FUL are assess to a university criteria and are set in collaboration between tutor and student, according to the latter’s strengths and abilities. If a student prefers talking then they can do an oral assignment. If they prefer writing, they can do a written assignment. If performance is their thing they can do a live or recorded performance. Anything is considered so long as they can demonstrate they have engaged with the key ideas of the course.
We want to give people more confidence in being able to understand complex issues and to be able to think critically about the world.
Dr Elizabeth Vasileva
Alex Bishop is a student, who travels from Camden Town to study at FUL. He has already completed the What is Education? course and is currently undertaking Reconstructing the City, which is about psychogeography. When asked what drew him to the subject Alex says: “I have literally never heard of [psychogeography] but it sounds fascinating. It’s how people relate to places and spaces but it’s very different to what I’d been used to before [as] it’s not what you would consider a traditional academic subject, or at least not traditional in my experience.” The appeal for Alex, in studying at FUL, is that it is about discussion, the exchange of ideas, meeting different people from different backgrounds, hearing their perspectives and learning about new subjects. “It’s not like a formal university, where you’re assigned work and if you don’t write an essay in time you get into trouble, or anything like that.”
If the Brighton example is anything to go by then FUL could be a force for change in south-east London. As the Free University of Brighton has grown in size more employers there have recognised it as a legitimate place to learn. Students there are able to convince employers that they are the right candidate for the job as they have studied a subject for years and can demonstrate they have an understanding of their area of study.
FUL’s potential for growth is immense - they have more tutors, who are willing to give up their time to share their knowledge, than students at present. It is hoped that in time FUL will become student-led to the extent that if someone has a burning desire to learn something in particular FUL can make that happen by supplying the appropriate lecturer.

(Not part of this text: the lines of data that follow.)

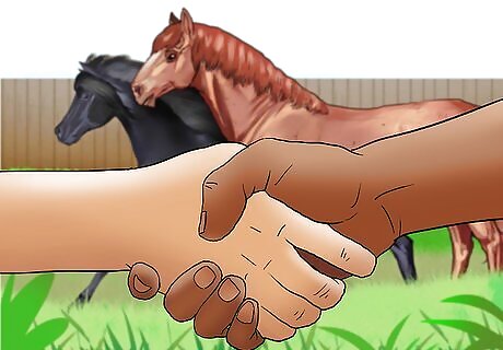 Talk to horse breeders and dealers. There are a variety of professionals in the horse world that are in the business of buying and selling horses. Talk to breeders and sellers in your area about your needs and see if they can provide you with a horse that is right for you. It may be more costly to buy a trail horse from a professional horse seller. Be cautious when buying a horse from a dealer or breeder. Their job is selling horses, so they may be overly motivated to sell you a horse that is not right for you. They may sell you a horse that will be difficult to train, has a history of issues, or cannot perform how you want it to.
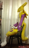 デジモンセイバーズ / レナモン ![]() ![]() ![]() ※写真をクリックすると大きい写真が見れます 5頭身以上あるレナモンを等身大で再現すべく、骨格から製作しました。 骨格部分は関節の稼働ができ、耐久性も出せるように軽量ステン素材を使用しています。 詰め綿はウレタンと綿を併用して、軽さと立体感を出しました。 皮膚の部分(表面)はやわらかく抱き心地の良い素材を選びました。 毛足の短いファーと、 ふかふかの長いファーを組み合わせて質感を出しています。 手足の爪は合皮で製作しています。手甲パーツ部は綿素材を使いました。 膝の模様、お顔はフェルト素材と刺繍で仕上げています。 170cm超の身長があるため自立は出来ませんが、細い腰でもくにゃっとなりにくくなっています。 本体はドライクリーニングでお手入れできるようになっています。 お見積り依頼、ご注文はこちらまで t-yanagi@mekurumeiteru.net オーダーメイドぬいぐるみは『めくるめいてる』におまかせください! 細部へのこだわりはオーダーメイド製作ならではの醍醐味です。 手のひらサイズから2m超のぬいぐるみまでなんでも製作可能です。 |
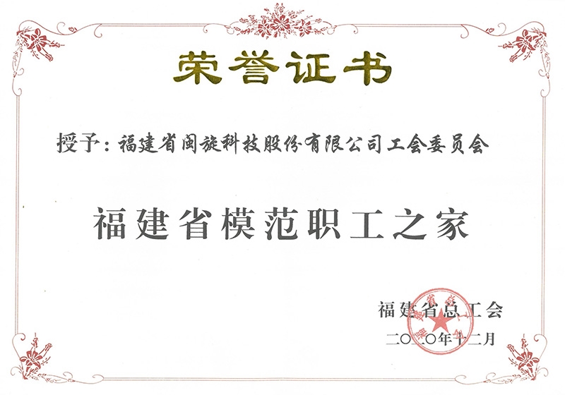 福建省圭表职工之家荣誉证书
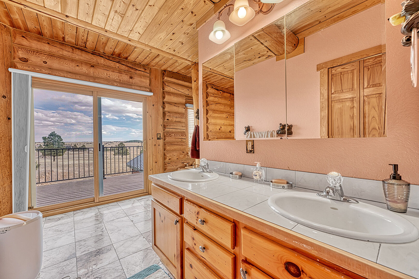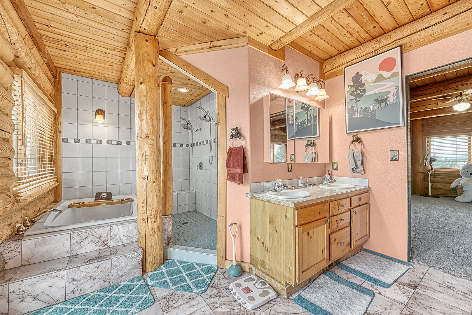 Beamed Ceiling, Ceiling Fan, Double Vanity, Ensuite Bathroom, Full Bathroom, Log Wall, Marble Finish Floor, Natural Light, Textured Wall, Wood Ceiling, Carpet, Full Bathroom
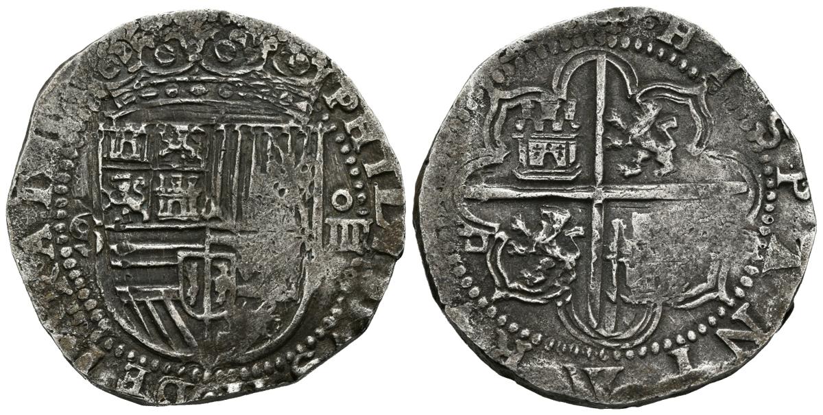 FELIPE II (1556-1598). 4 Reales. (Ar. 14,15g/31mm). S/D (Antes de 1588). Sevilla. (Cal-2019-573). Sin flor de lis entre corona y escudo. MBC.
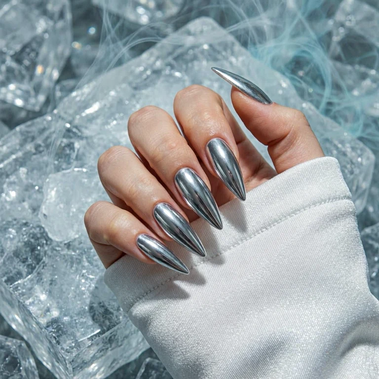 Frosted chrome nails are dominating winter 2025–2026 with their icy, mirror-like glow. This trend blends metallic shine with cool undertones like silver, blue, and lavender, creating a futuristic winter vibe. The reflective finish mimics frost on glass, making it perfect for cold-weather aesthetics and cozy seasonal outfits.
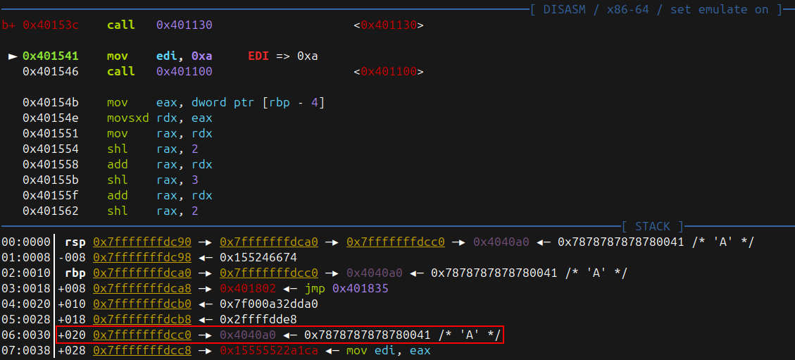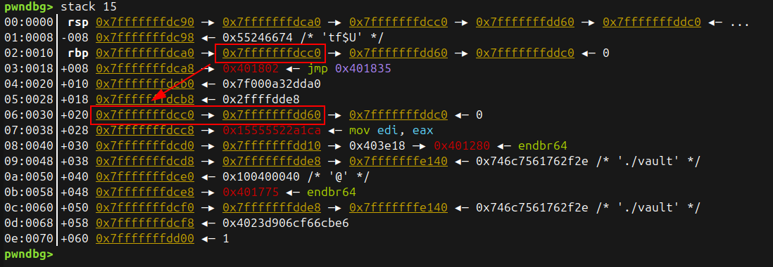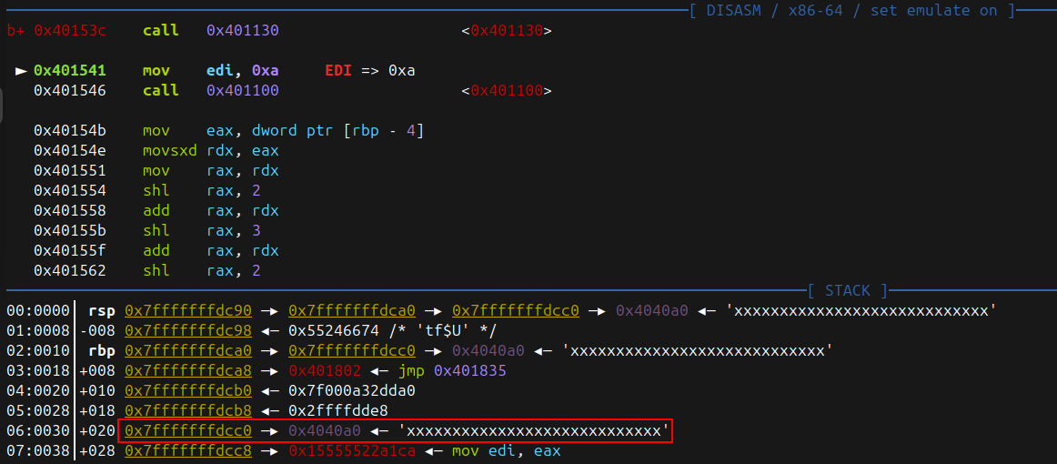 0x7fffffffdcc0đã ở trên stack, FSB để ghi địa chỉ củapasswordvàorbptrước đó (Tại0x7fffffffdcc0như trong ảnh trên).
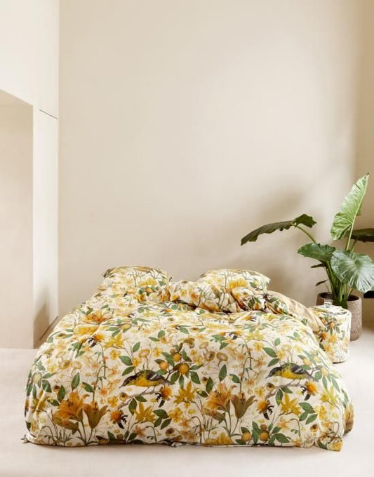 Essenza Guy Yellow katoenen dekbedovertrek vintage washed
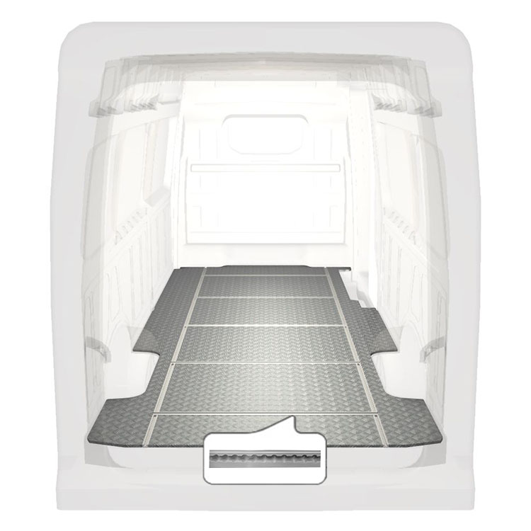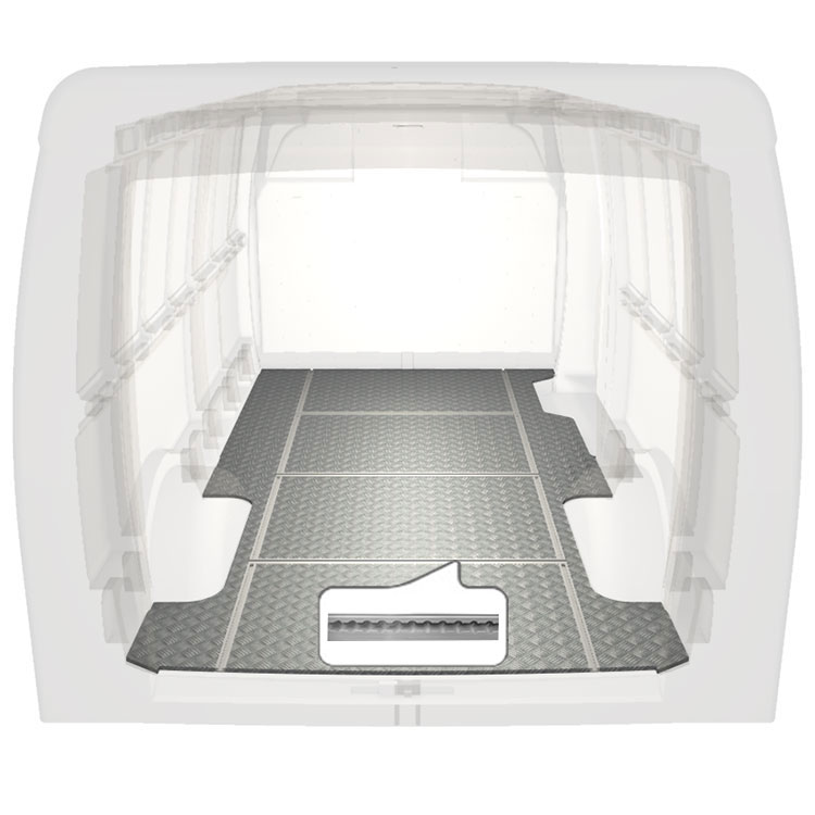 Available for a range of van models, our lightweight and robust floor with transverse rails come with anti-slip aluminum tread plate and cargo rails (longitudinal and transverse) for quick and safe installation of racking systems and other accessories. The floor installation requires no drilling and is fitted using highly adhesive glue, which is stronger than nuts and bolts, and protects the residual value of the vehicle.

FUL is representative of the aspirations of the local community and may even turn into a hub where people can discuss and take something from the classes that has an effect on how they conduct themselves outside and be somewhere that’s organically linked to the local community.” Everyone involved with FUL hopes that the idea can be replicated across London and beyond. Proving that free and accessible education is a viable option for anyone, anywhere.